Operative and Nonoperative Treatment of Humeral Shaft Fractures

Fractures of the humeral diaphysis occur in a bimodal distribution and represent 3-5% of all fractures. Overall the incidence is higher in women and typically presents at a more advanced age in this population, rendering fixation more difficult due to osteoporosis. The majority of fractures of the humeral diaphysis occur in the mid-shaft and proximal third and the majority are simple (or non-comminuted) in pattern.

Presently, the standard treatment of isolated humeral diaphysis fractures is nonoperative care using splints, braces, casts and slings. Most centres in North America and Europe favor functional bracing with a coaptation splint given the positive results reported with this device, despite the prolonged period of pain and discomfort as well as the need for repeated clinic follow-up visits associated with it.

Presently there are no published prospective comparative studies that systematically evaluate patient function following the operative or nonoperative treatment of humeral shaft fractures.

Clinical evaluations following functional bracing using patient-based outcome tools revealed a 20% nonunion rate in patients suffering a simple (non-comminuted) fracture. Invariably, this led to surgical intervention to achieve union. In those whose fracture healed with the splint, only 50% reported a full recovery while none of those requiring surgery for nonunion did so. This low rate of functional recovery may be due in part to the high rate of shoulder stiffness following functional bracing.
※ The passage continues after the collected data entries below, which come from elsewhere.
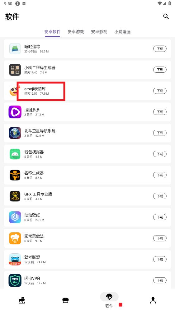 7.软件界面提供了安卓软件,安卓游戏,安卓影视,小说漫画找资源,点击资源查看详情
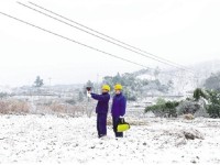 国网杭州市临安区供电公司特巡人员在雪中巡检。1月20日,临安龙岗镇上溪村因“百丈探雪”美景迎来众多游客,当地民宿、农家乐客流大幅上升,用电负荷也随之攀升。国网杭州市临安...
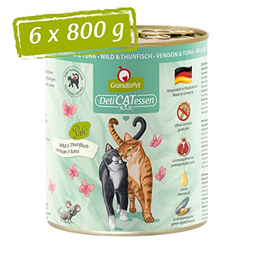 GranataPet Våtfoder Delicatessen vilt och tonfisk, 6 x 800 g, för katter, kattmat för finsmakare, foder utan spannmål och utan sockertillsatser
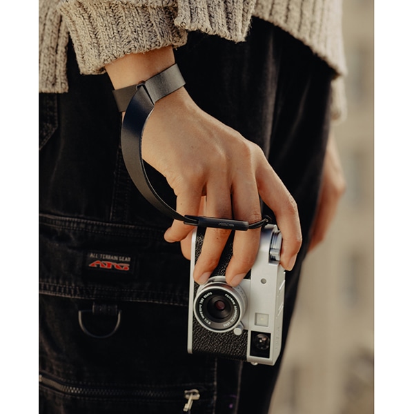 ループサイズを手首に合わせて調節すれば、カメラの落下防止に役立ち、大きなループのままでも使用できます。使わないときは畳んでポケットに入れられるので、移動中も邪魔になりません。
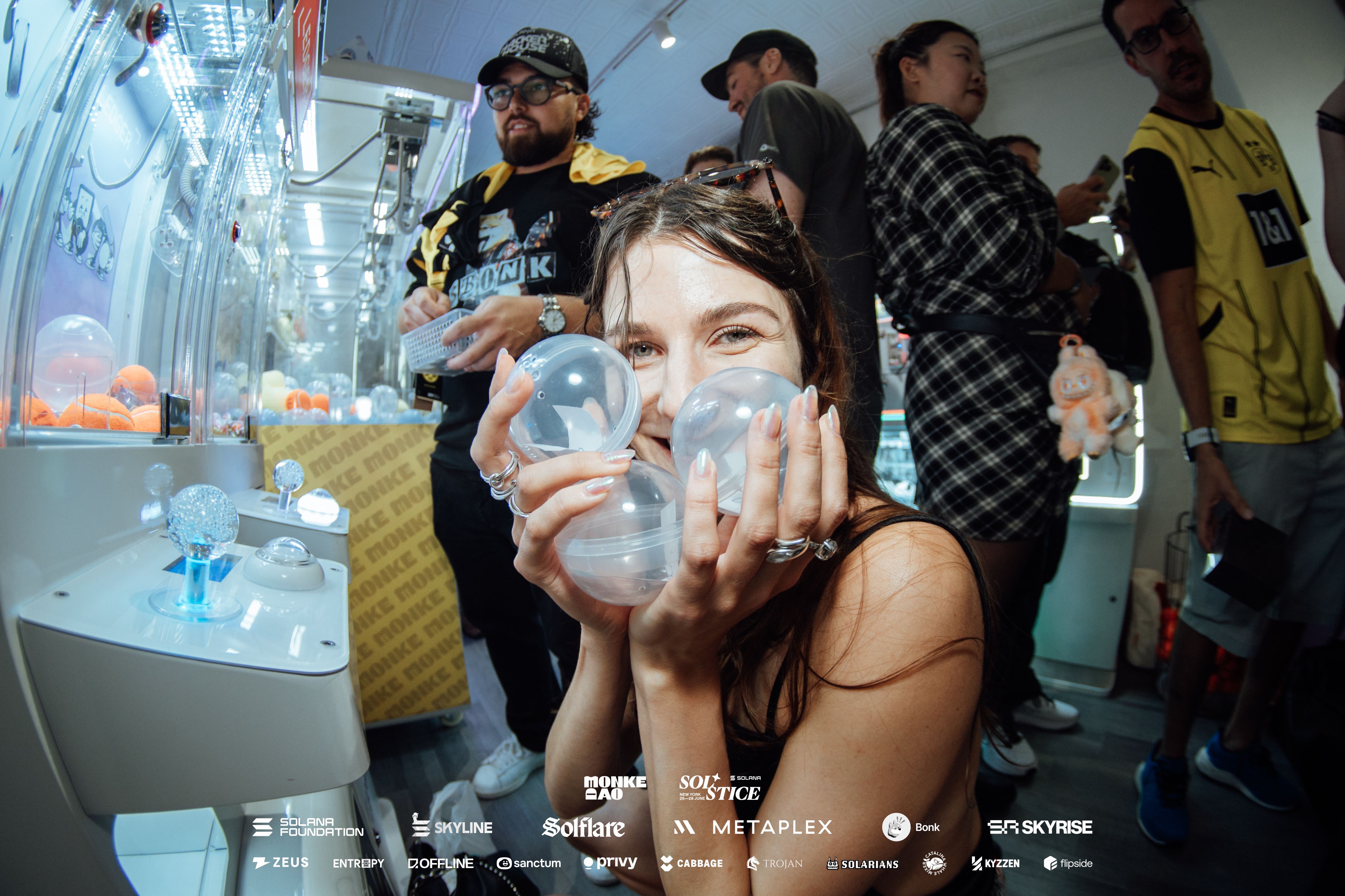 In June, we returned to New York for Solana Solstice, joining forces with our buddies at MonkeDAO. Together, we took over the iconic New York Claw Machine Store, both virtually and in real life, for an evening of retro fun, exclusive prizes, and fundraising.
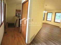 The large primary suite includes a walk-in closet and an ensuite bathroom with dual sinks. Additional highlights include double-pane storm windows, a two-car garage, a sprinkler system, and a spacious 400 sq. ft. deck. Washer and dryer are included. This is a No Smoking and 1 Pet Negotiable Property. Applications are accepted only through McNally Property Management.
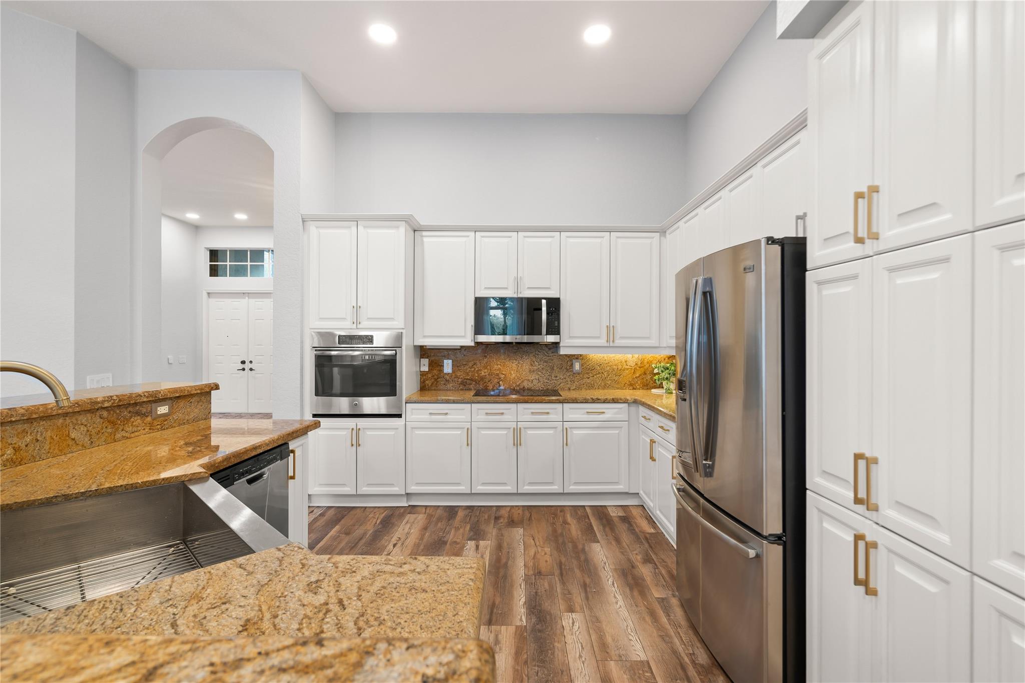 Stunning home in The Cove, the most prestigious enclave of Savanna. Impeccably maintained home features a triple-split floor plan w/4 bedrooms plus office and 3 full bathrooms. Pre-inspected for the most discerning buyer, high-end lighting, renovated kitchen with new hardware, wood-look flooring throughout, and a freshly painted interior. Even the air ducts have been professionally cleaned. The expansive backyard includes a spacious patio, built-in BBQ, and lush green space—perfect for entertaining. Amenities, including multiple pools, a waterslide, a children's aquatic play area, mini golf, basketball courts, a roller hockey rink, and a clubhouse with a multipurpose field. Ideally located near top-rated schools, premier shopping, fine dining, and scenic parks.
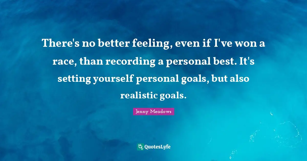 This page presents the quote "There's no better feeling, even if I've won a race, than recording a personal best. It's setting yourself personal goals, but also realistic goals.". Author of this quote is Jenny Meadows. This quote is about race, setting, goal, personal best, realistic goals, feelings,.
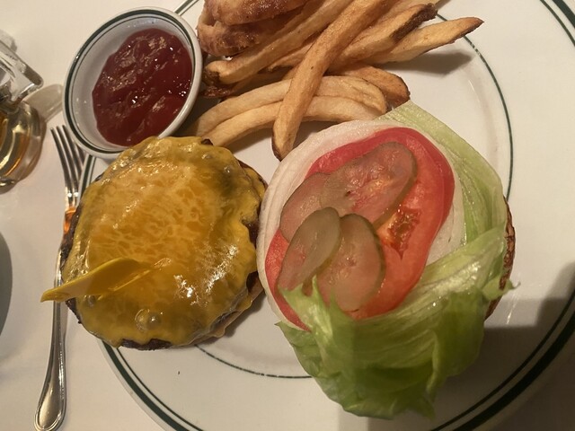 アメリカンビーフで肉厚パティと思いきや、意外と野菜やトマトがあり、パンもふんわり系であっさりしたハンバーガーだった。

Significant stiffness in the shoulder following functional bracing has ranged from 14-60% with an average of 40%.

The advantages of open reduction and plate fixation of humeral shaft fractures include a direct approach to the fracture site with direct visualization and protection of the radial nerve (depending on fracture level and approach), the possibility of rigid compressive fixation, and the opportunity for bone grafting and/or radial nerve exploration if needed. Importantly, it permits rapid mobilization of the shoulder and elbow, obviating the need of immobilization, and ensures anatomic or near anatomic alignment. These advantages must be weighed against the small risk of infection (<1-6%) with most occurring after open fractures or severe crush injury, nonunion (4-6%) especially in high energy injuries, and iatrogenic radial nerve injury (1-3%) the vast majority of which are transient.

Operative care: Fixation with regular or broad 3.5mm or 4.5mm dynamic compression plate (DCP) using standard technique will be applied in cases with normal bone density; in the face of osteopenic bone, locked-plate implants will be employed at the discretion of the surgeon. Bone graft will not be used routinely as these are simple fracture patterns. Postoperative splinting (or sling) will be maintained for 10 - 14 days followed by gentle ROM exercises under physiotherapy supervision. Strengthening and proprioception will be begun once fracture healing has occurred, typically at 6-8 weeks.
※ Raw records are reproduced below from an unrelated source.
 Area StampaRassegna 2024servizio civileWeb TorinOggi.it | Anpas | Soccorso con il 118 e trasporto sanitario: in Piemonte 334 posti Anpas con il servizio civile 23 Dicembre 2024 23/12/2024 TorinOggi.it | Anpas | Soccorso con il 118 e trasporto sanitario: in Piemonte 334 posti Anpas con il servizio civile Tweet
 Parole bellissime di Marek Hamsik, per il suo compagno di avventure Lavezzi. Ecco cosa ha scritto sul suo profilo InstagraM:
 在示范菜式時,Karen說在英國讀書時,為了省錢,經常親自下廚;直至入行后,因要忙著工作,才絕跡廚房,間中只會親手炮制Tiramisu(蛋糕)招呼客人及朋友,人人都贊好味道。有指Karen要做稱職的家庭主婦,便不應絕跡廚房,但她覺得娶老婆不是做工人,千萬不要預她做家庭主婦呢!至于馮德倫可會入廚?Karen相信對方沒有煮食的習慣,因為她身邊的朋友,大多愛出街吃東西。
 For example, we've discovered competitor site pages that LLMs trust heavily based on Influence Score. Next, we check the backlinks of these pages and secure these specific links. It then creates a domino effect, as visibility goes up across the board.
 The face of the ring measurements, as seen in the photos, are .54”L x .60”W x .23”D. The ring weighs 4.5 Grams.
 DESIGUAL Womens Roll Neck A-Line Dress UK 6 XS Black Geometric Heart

Conservative care will entail the application of a plaster sugartong splint for 10-14 days followed by transition to a functional (coaptation) brace, to be applied by a qualified orthotist. Gentle ROM exercises of the elbow and shoulder will begin as tolerated under the supervision of a physiotherapist after 2 weeks with strengthening and proprioception added once fracture healing has occurred, typically at 6-8 weeks.

This multicentre prospective randomized trial will involve the Canadian Orthopaedic Trauma Society (COTS), an association of trauma surgeons involved in collaborative outcomes research with a proven track record of research and publication. Patients with a humeral diaphyseal fracture who meet all eligibility criteria and provide consent to participate will be randomly assigned to the operative or splint/brace treatment group. Patients will start physiotherapy at 2 weeks post-randomization (splint/brace group)or 2 weeks post-surgery for gentle ROM exercises. The operative group will progress to strengthening and proprioception at 4-6 weeks. The splint/brace group will only progress at the 6-8 weeks mark once union has occurred. Evaluation at 2 and 6 weeks, 4, 6, and 12 months will include functional, clinical and radiological parameters. Functional evaluation will include the DASH, SMFA questionnaires and the Constant Shoulder Score. Clinical outcome will evaluate range and motion including the shoulder and elbow of both the affected arm and contralateral shoulder and elbow. Standard radiographic parameters will be measured. The primary outcome measure will be functional outcome as measured with the DASH. Appropriate statistical analyses will be performed on the data. Sample size calculation reveals the need for 90 patients per treatment arm. A census of the centers committed to the study predicts a 1-24 month recruitment period. Patient follow-up will end at the 12 month visit.